Warum habe ich mich nicht umgedreht? Warum habe ich mich nicht vergewissert, dass er sein Strandtuch aufhebt? Dass er seinen Pulli überzieht? Dass er zum Bäcker über die Rue de la Corderie läuft?

Weil man Rituale dafür erfindet? Um sich sicher zu fühlen? Um alles zu kontrollieren? Um sich einzureden, dass nichts passieren kann? Weil man sich in Sicherheit wähnt, wenn man immer dieselbe Routine hat?

In Wirklichkeit ist man nur weniger wachsam. Aus Faulheit lässt man es an Vorsicht mangeln. Und an Verantwortung.

•••

»Esteban?«

Ich strecke nur den Kopf aus der Dusche und lasse das heiße Wasser dabei weiter über meine Haut laufen. Die Wand des Badezimmers, die sich auf einige türkisfarbene marokkanische Kacheln rund um einen zwei auf drei Meter großen Spiegel beschränkt, wirft mir das Bild meines nach den ersten Frühlingsausflügen gebräunten Körpers zurück – der Aufstieg zu La Rhune, die Wildwassertour auf dem Fluss Nive, die ersten ungeschickten Stand-up-Paddling-Versuche auf dem Lac de Saint-Pée, das Surfen südlich von Guéthary, das baskische Pelota-Spiel in Arcangues. Wir haben noch das ganze Leben vor uns, um Champions zu werden, Esteban.

»Esteban?«

Meine Hand tastet nach dem Hahn, mir gelingt es ihn zuzudrehen, ohne alles nass zu spritzen. Ich wickele mich in ein Badetuch. Den Spiegel im Rücken. Die Inspektion meiner Mängel kann warten.

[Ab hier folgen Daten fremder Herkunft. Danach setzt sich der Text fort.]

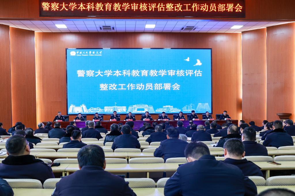 会上,吴立志从凝聚协同攻坚合力、弥补教育教学质量关键不足、坚定建设一流公安本科教育发展信心三个方面,分析了学校迎评工作取得的突出成效。从对照评估整改工作要求、其他高校整改经验、未来奋斗目标三个维度,分析了学校立足长远狠抓评估整改的主要原因。并从六个方面部署了评估整改任务:一是坚持党的绝对领导,巩固强化“立德树人、三全育人、五育并举”工作机制。二是持续更新教育教学理念,改革完善专业建设机制和本科人才培养模式。三是建设各类优质资源,全面提升办学条件资源保障能力。四是加强师资队伍建设,有效激发教师教学改革和科研攻关活力。五是落实学生中心地位,优化健全服务学生成长发展机制。六是健全质量保障体系,积极营造全员认同的质量文化氛围。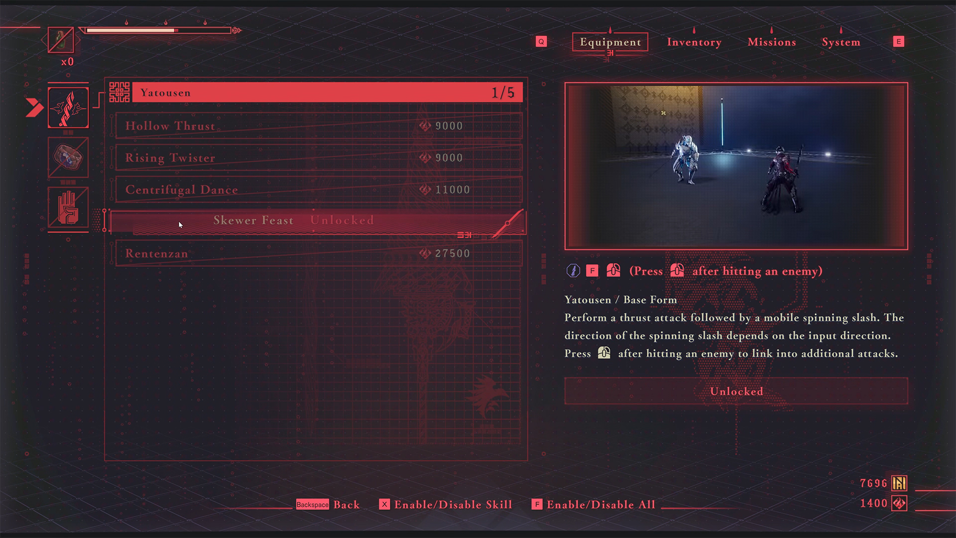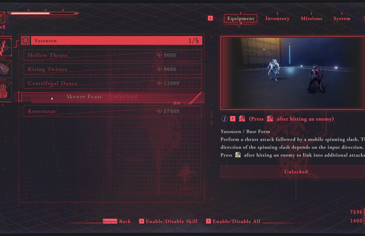 Next, on the suspension bridge, you will encounter Armored Sickles again. To easily defeat these enemies, you should learn the Skewer Feast skill for Yatousen. Using this skill, you will quickly move away from the enemy. Armored Sickle will not be able to react to your movements, and you will be able to easily attack it from the side or from behind with normal attacks that it cannot block.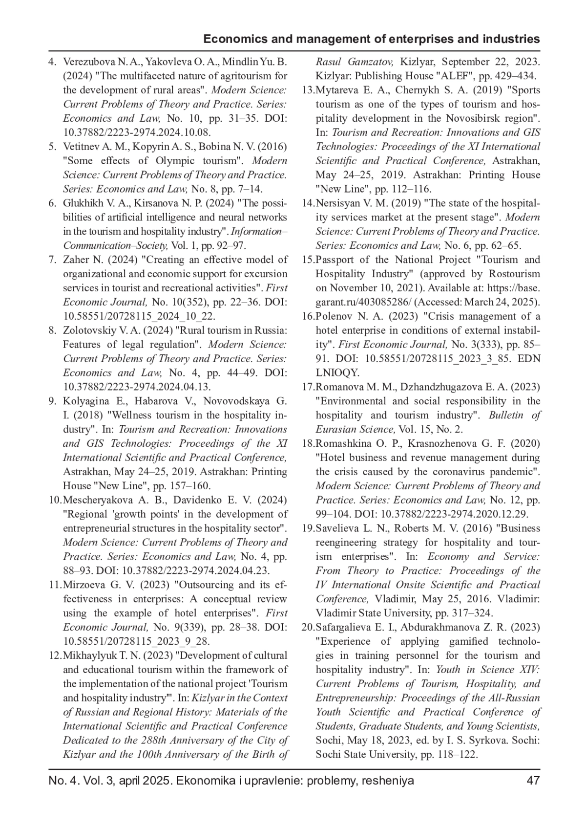 14. Нерсисян В. М. Состояние рынка оказания услуг гостеприимства на современном этапе // Современная наука: актуальные проблемы теории и практики. Серия: Экономика и право. - 2019. - № 6. - С. 62-65. EDN: LMYCZM

»Esteban, bist du zurück?«

Nur Patrick Cohen antwortet mir, es ist 8:30 Uhr auf France Inter, und der Journalist beginnt seine Sendung mit der Mitteilung, dass die französische Fußballmannschaft sich in Südafrika geweigert hat, den Bus zum Training zu verlassen. Passiert nichts Wichtigeres auf den fünf Kontinenten? Und übrigens, was hat Patrick Cohen in meinem Wohnzimmer zu suchen?

»Esteban?«

Morgens, wenn er vom Bäcker zurückkommt, und ich unter der Dusche stehe, nutzt er die Gelegenheit, um den Sender zu wechseln, Fun, Sky, NRJ, oder, öfter noch, schaltet er sogar das Radio aus, um ein paar Gitarrenakkorde zu improvisieren. Bisweilen kritzelt er etwas in den Partituren seiner eigenen Kompositionen herum. Esteban ist begabt, ich bin sicher, dass sein Gehör perfekt ist, auch wenn ich mir nie die Zeit genommen habe, ihn testen zu lassen.

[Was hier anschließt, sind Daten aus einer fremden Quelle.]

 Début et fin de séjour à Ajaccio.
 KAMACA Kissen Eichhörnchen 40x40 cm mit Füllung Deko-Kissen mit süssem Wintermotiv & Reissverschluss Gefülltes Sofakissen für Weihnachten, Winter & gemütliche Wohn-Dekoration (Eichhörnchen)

Ich trete aus dem Badezimmer. Meine nackten Füße hinterlassen Pfützen auf dem Parkett aus Pappelholz, dieses Holz, das man nicht nass wischen und schon gar nicht befeuchten darf. Der kleinste Tropfen bildet für immer einen Wasserfleck … Soll mir egal sein! Eine dumpfe Angst packt mich. Ich mache einen Schritt in Richtung offen stehender Küche, bevor ich wie versteinert stehen bleibe.

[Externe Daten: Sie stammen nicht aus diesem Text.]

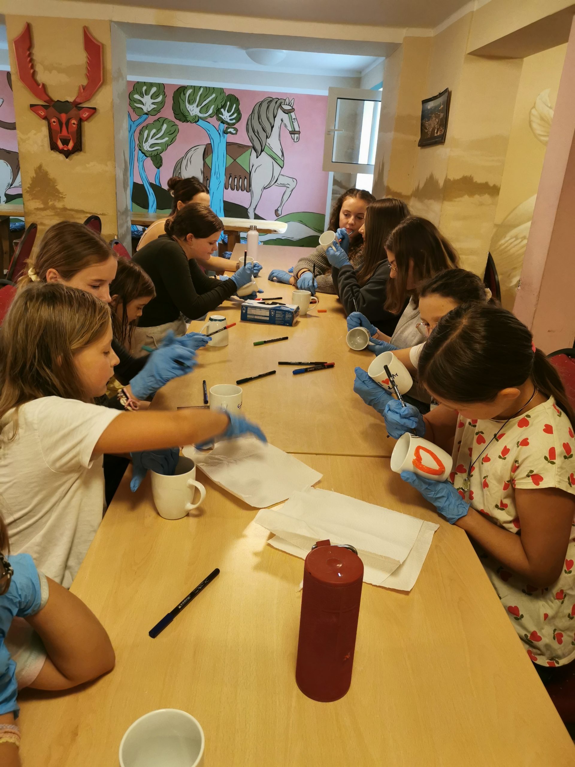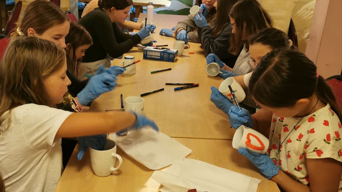 Nach einem stärkenden Frühstück standen Workshops an. Die Kinder durften sich zwischen sechs verschiedenen Aktivitäten entscheiden. In kleinen Gruppen wurden dann Tassen bemalt, gestickt und mit Perlen gebastelt, Volleyball gespielt, gedehnt und meditiert, das Gesellschaftsspiel Werwolf gespielt und im sich im Beautyworkshop entspannt.

Die Abdrücke meiner Füße werden für immer auf dem Rohholz zu sehen sein. Ich bin außerstande mich zu bewegen. Außerstande, auf etwas anderes zu starren als auf den leeren Küchentisch. Auf die Gitarre, die brav auf ihrem Ständer steht.

Esteban ist nicht nach Hause zurückgekommen.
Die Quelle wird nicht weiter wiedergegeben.